A modo de resumen de los sistemas de reparación, te invito a que revises el siguiente video, en el cual se abordan los sistemas de reparación más importantes

Conclusión

En resumen, en esta clase vimos el concepto de mutación, los diferentes tipos de mutaciones que pueden suceder y cómo estas afectan a la secuencia de la proteína e incluso a la función del gen.

También se abordaron los sistemas de reparación que existen, precisamente para evitar y disminuir la presencia de mutaciones y de esta manera mantener la integridad del genoma de la célula.
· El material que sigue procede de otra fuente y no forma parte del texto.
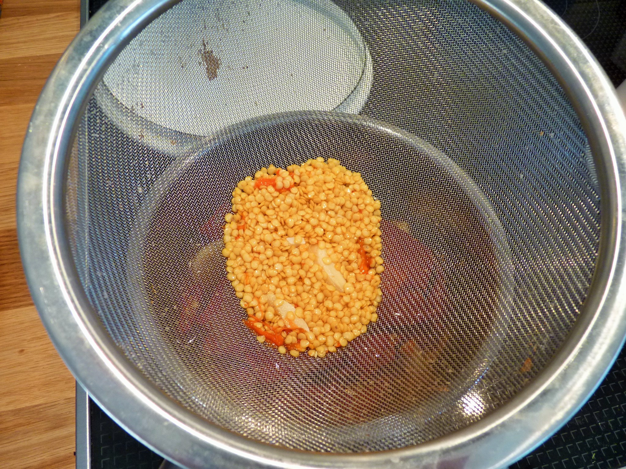 Nun gebe ich die gekochten Stücke in den Vitamix und die Flüssigkeit durch ein Sieb, damit die meisten Kerne draußen bleiben. Alles pürieren, nochmal durch ein Sieb geben und mit dem Zucker und Salz aufkochen.

Como se vió, algunos sistemas reparan el daño directamente sobre la base, sin necesidad de removerla, mientras que otros requieren que se remueva completamente el nucleótido o los nucleótidos dañados.

El daño más severo que puede sufrir la molécula de ADN es la ruptura de la doble cadena. Al ser uno de los daños más letales debe ser reparado. Los sistemas que se encargan de ello son el de unión de extremos no homólogos y la recombinación homóloga. El primero no necesita un molde para llevar a cabo la reparación, mientras que el segundo requiere la presencia de una cadena homóloga. Cabe señalar que ninguno de estos mecanismos de reparación esta excento de errores y aunque existe la posibilidad de que se generen errores al momento de la reparación, estos se justifican con el hecho de que si no se repara la ruptura, la célula puede morir.

Hasta aquí terminamos con el conocimiento de los conceptos teóricos que te servirán de base para entender el fundamento de las diferentes técnicas de biología molecular de utilidad en el laboratorio. Hemos llegado al final de la clase, me siento muy felíz de que hayas llegado hasta aquí.

¡Te felicito, tienes una gran voluntad! Para cerrar la clase te invito a realizar la tarea asignada y mandarla como corresponde. Te espero en la próxima sesión, en la que comenzaremos con la descripción de las técnicas que se utilizan en Biología Molecular, hasta entonces.

Fuentes de información

  • Salazar M.A.M., Sandoval R.A.S. y Almendáriz B.J.S. (2016). Biología Molecular. Fundamentos y aplicaciones en las ciencias de la salud. (2a ed.). McGraw Hill
  • Nelson D.L. and Cox M.M. (2017). Lehninger Principles of Biochemistry. (7a ed.). W. H. Freeman.
  • Alberts B. et al. (2015). Molecular Biology of the cell. Garland Science.